It's also essential to note that Elo Ratings change with the season's progression (as not all teams are created equal, excellent teams often maintain their strength, or at least gradually decline—few teams drop in or out of the map). If R represents a team's final Elo for one season, the Elo Rating at the beginning of the next season is approximately:

(R x 0.75) + (0.25 x 1505)

In practice, you can track this indicator over time by selecting three random teams to monitor. By doing so, you can quickly gain valuable insights into the overall strength of the teams throughout the season.

elo_rating w-100

Here, we can actually see a strong correlation between Elo Ratings and a team's performance in a specific season. The peaks in Elo Ratings for the Golden State Warriors and the Cleveland Cavaliers during the years they faced off in the NBA Finals are evident. We can also observe what was widely confirmed by most basketball analysts at the time: the Western Conference was significantly tougher than the Eastern Conference—just as the impact of quality wins against the Cavaliers on the Elo Rating suggests. We can also see how these teams quickly declined after championship seasons and struggled with roster turnover and injuries.

2.

Recent Team Performance (Average Statistics from the Last 10 Games)

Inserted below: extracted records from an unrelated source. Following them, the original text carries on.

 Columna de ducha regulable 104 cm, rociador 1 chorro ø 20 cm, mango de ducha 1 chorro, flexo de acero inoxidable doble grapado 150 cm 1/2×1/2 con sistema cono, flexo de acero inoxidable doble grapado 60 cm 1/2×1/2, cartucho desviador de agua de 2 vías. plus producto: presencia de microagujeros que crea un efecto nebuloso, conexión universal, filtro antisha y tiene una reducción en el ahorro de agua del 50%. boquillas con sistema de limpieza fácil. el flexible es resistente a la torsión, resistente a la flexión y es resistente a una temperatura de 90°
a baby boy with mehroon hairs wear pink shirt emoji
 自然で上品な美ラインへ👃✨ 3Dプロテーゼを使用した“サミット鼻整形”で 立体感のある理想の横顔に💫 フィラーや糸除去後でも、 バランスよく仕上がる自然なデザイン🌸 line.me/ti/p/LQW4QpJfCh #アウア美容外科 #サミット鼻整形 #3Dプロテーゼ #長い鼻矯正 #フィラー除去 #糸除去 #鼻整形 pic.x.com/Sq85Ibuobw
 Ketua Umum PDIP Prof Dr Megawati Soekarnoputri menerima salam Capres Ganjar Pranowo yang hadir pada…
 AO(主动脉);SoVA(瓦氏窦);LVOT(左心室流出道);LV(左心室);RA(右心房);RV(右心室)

To calculate the average statistics from the last ten games, we need to obtain game data, including scoring, rebounds, assists, turnovers, blocks, steals, and various other statistics. This data can be acquired from game records or databases. Next, we use a simple function to compute the average value for each feature and store these values in a new data frame. This new data frame will contain the average statistical features for each team.

When calculating these average statistics, selecting which features to include is essential. Some statistics may better reflect a team's performance than others. During feature selection, various methods can be used, such as correlation analysis, Principal Component Analysis (PCA), and information gain. These methods help determine which features have the highest information value and select them for calculating the average statistics. In addition to calculating average statistics, more complex time-series models can be applied to further analyze team performance. These models may include AutoRegressive Integrated Moving Average (ARIMA) and Long Short-Term Memory networks (LSTM). These models account for the impact of time, capture trends and seasonal variations, and provide more accurate predictions.

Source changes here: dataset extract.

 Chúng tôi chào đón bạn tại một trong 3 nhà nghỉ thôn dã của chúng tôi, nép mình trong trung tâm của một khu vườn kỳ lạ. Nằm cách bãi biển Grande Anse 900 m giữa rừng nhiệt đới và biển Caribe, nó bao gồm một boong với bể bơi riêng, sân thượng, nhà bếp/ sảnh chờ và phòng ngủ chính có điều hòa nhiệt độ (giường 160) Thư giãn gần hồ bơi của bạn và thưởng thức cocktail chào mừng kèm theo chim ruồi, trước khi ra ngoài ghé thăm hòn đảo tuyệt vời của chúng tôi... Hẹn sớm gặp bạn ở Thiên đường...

The analysis of recent team performance can also be conducted using machine learning models. These models can reference the results of feature engineering and consider the complex relationships between different variables more comprehensively. Options for such models include Support Vector Machines (SVM), decision trees, random forests, and deep learning models. These models can be used for predicting game outcomes, analyzing team performance trends, and formulating strategic recommendations.

3.

Recent Player Performance (Average Statistics from the Last 10 Games)

In the competitive world of the National Basketball Association (NBA), understanding a player's recent performance is one of the keys to a team's success. Player performance statistics provide deep insights into their skills, trends, and strengths, and help predict future game outcomes. This article will explore how to evaluate NBA player performance using the average statistics from their most recent 10 games, and we'll analyze a few NBA players as examples.

To calculate the recent 10-game average statistics for NBA players, we need to gather detailed data from each game, including points, rebounds, assists, and more.

This data can typically be obtained from the  nba.com/stats website or data providers. We organize this data into a data frame, where each row represents a game, and each column represents a statistical feature like points, rebounds, and so on. Then, we use a simple function to calculate the average value for each feature and save these averages into a new data frame. This new data frame will contain the average statistical features for each player. For example, let's take a look at the recent 10-game average statistics for two NBA players, LeBron James and Stephen Curry. These statistics can help us understand their performance trends.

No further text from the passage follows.